The first Sabaean period came to a close as the Roman Republic expanded to conquer Syria and Egypt in 63 and 30 BCE, respectively. They diverted the overland trade route through the Sabaean kingdom into a maritime trade route that went through the Hadhramaut port city of Qani. They even attempted to siege Marib, the Sabaean capital, but were unsuccessful. Greatly weakened, they were annexed by the neighbouring Himyarite Kingdom. Saba was able to regain their independence around 100 CE to onset a second period of their civilization. Notably, power dynamics had shifted from oasis cities like Marib and Sirwah to groups occupying the highlands. Ultimately, Himyar permanently re-annexed them, around 275 CE.

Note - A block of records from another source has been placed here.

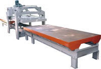 | The 1D-2T system represents one of our trade-mark products. It consists a fixed frame with one upper platen and two additional motorized platens. The motorization allows the two platens to travel alternately in and out of the press frame and guarantees the operators maximum accessibility. Panel preparation, are simple and fast. |
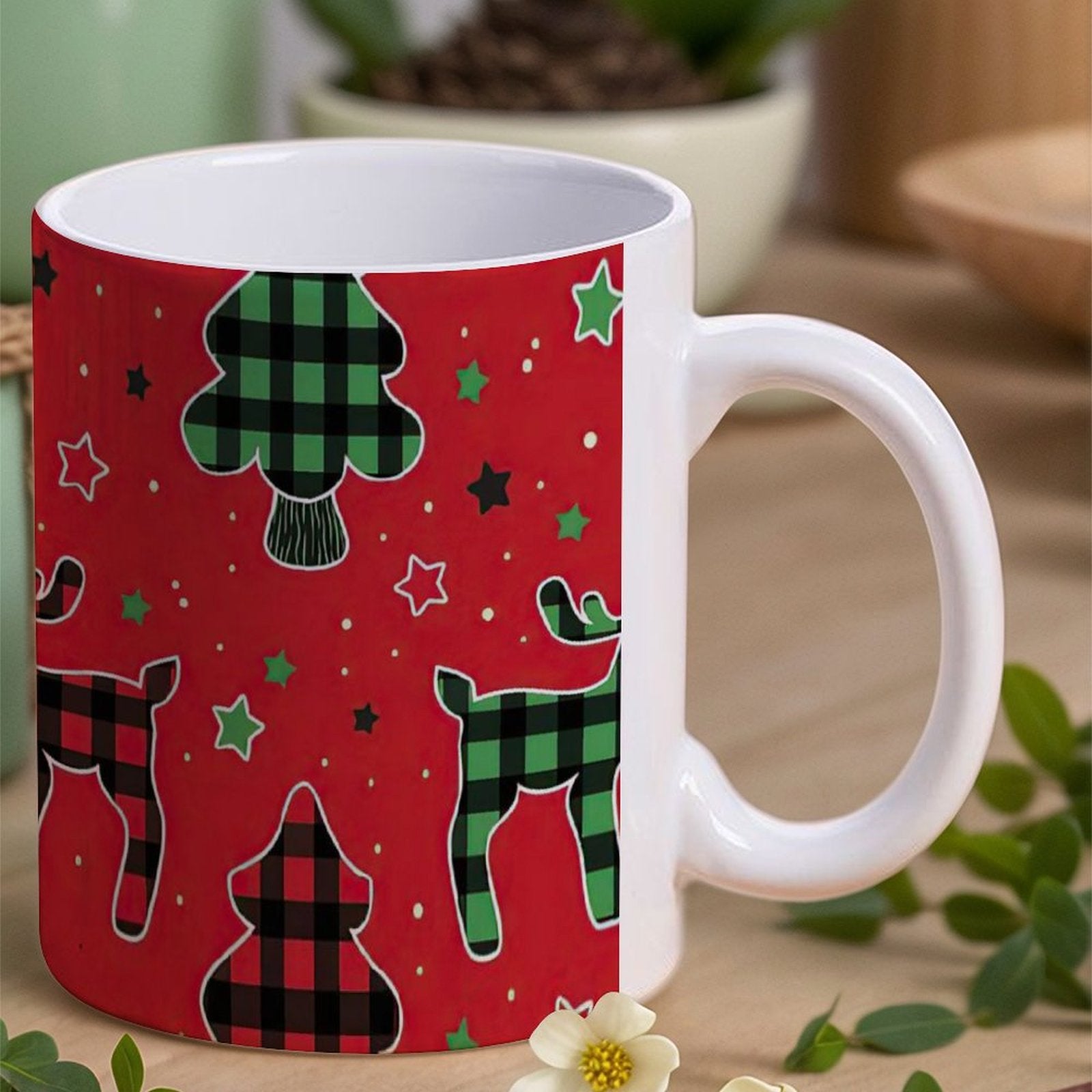 POD US Local White mug with full print, Christmas Elk 0090
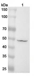 Western blot analysis was performed using anti-PLA1A polyclonal antibody at 1ug/mL on various samples.Lane 1:Hela cell lysate
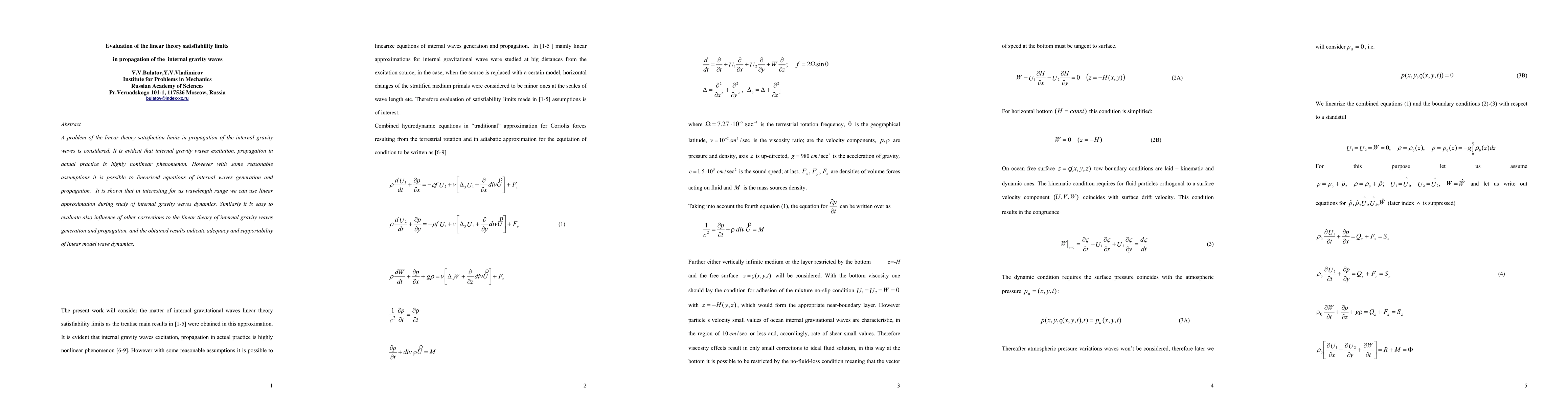 A problem of finding the linear theory satisfaction limits in propagation of the internal gravity waves is considered. It is evident that internal gravity waves excitation, propagation in actual practice is highly nonlinear phenomenon. However with some reasonable assumptions it is possible to linearize equations of internal waves generation and propagation. It is shown that in interesting for us wavelength range we can use linear approximation during study of internal gravity waves dynamics. Similarly it is easy to evaluate also influence of other corrections to the linear theory of internal gravity waves generation and propagation, and the obtained results indicate adequacy and supportability of linear model wave dynamics.

===Kingdom of Awsan (8th century BCE – 7th century BCE)===

Awsan was a South Arabian kingdom that lasted from the 8th to 7th centuries BCE, with a brief resurgence in the 2nd or 1st century BCE. Awsan is centered around a wadi called the Wadi Markha. The name of the capital of Awsan is unknown, but it is assumed to be the tell that is today known as Hagar Yahirr, the largest settlement in the wadi. The territory under its control was sizable enough that it was a powerful contender in local power politics. In the late 7th century BCE, under the reign of its ruler Murattaʿ, Awsan entered a military conflict with the Kingdom of Saba that brought about its demise. The Sabaean king, Karib'il Watar, defeated Awsan and proceeded to obliterate it. An inscription left behind claims that Karib'il killed over 16,000 people and took 40,000 more as prisoners. After this event, the wadi was left abandoned, and Awsan disappeared from the historical record for the time being. Saba had divided its territory between its then-allies, Qataban and Hadhramaut. Half a millennium later, when Qataban's control over the Wadi Markha was declining, Awsan was able to briefly re-emerge, in the 2nd or 1st centuries BCE. This final phase of the Awsanite kingdom is the only period in South Arabian history where kings were deified.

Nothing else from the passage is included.